Bright Minds Biosciences (DRUG) Guggenheim Securities 2nd Annual Healthcare Innovation Conference summary

Pipeline overview and scientific rationale

• Focus on serotonin 5-HT2 family, with lead clinical asset in phase II for developmental and epileptic encephalopathies (DEE) and Absence Epilepsy.

• New program initiated for Prader-Willi syndrome using a novel 5-HT2C molecule, with additional preclinical assets targeting neuropsychiatric and pain disorders.

• Lead asset demonstrates G protein-biased agonism at 5-HT2C, aiming to avoid tolerance seen with other agents.

• Differentiation from competitors includes improved pharmacokinetics, better tolerability, and no need for refrigeration.

• Biomarker and QEEG data support receptor engagement and potential cognitive benefits.

Clinical development and trial design

• Phase II studies underway for Absence Epilepsy and DEE, with Absence using EEG-based endpoints and enrolling about 10 patients.

• DEE trial is multi-center in Australia, with plans for global phase 2/3 including US and Europe.

• Efficacy benchmarks: 50% reduction in seizures in 50% of patients for Absence, and 40-60% reduction expected in DEE.

• Data readout expected in early January, with pivotal studies planned for both indications in the first half of next year.

• Two pivotal studies required for each indication, with regulatory alignment ongoing, especially for Absence EEG endpoints.

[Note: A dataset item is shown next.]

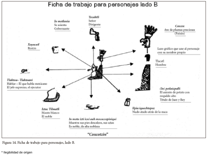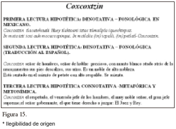 4. Elaboración de una primera lectura fonológica-denotativa y sintáctica de cada grupo para reconstruir oraciones y/o párrafos del texto en náhuatl y establecer su traducción al español que corresponden a las asociaciones plásticas de los elementos mínimos.

Market opportunity and competitive landscape

• DEE market estimated at $1.5–2 billion in peak sales, with large unmet need and few approved therapies.

• Absence Epilepsy represents a potential 275,000–500,000 patient population, with no new branded agents in decades.

• Current Absence treatments are outdated or have significant side effects, highlighting opportunity for new entrants.

• Lundbeck is a key competitor in DEE, expected to reach market first, but Absence indication would be first to market.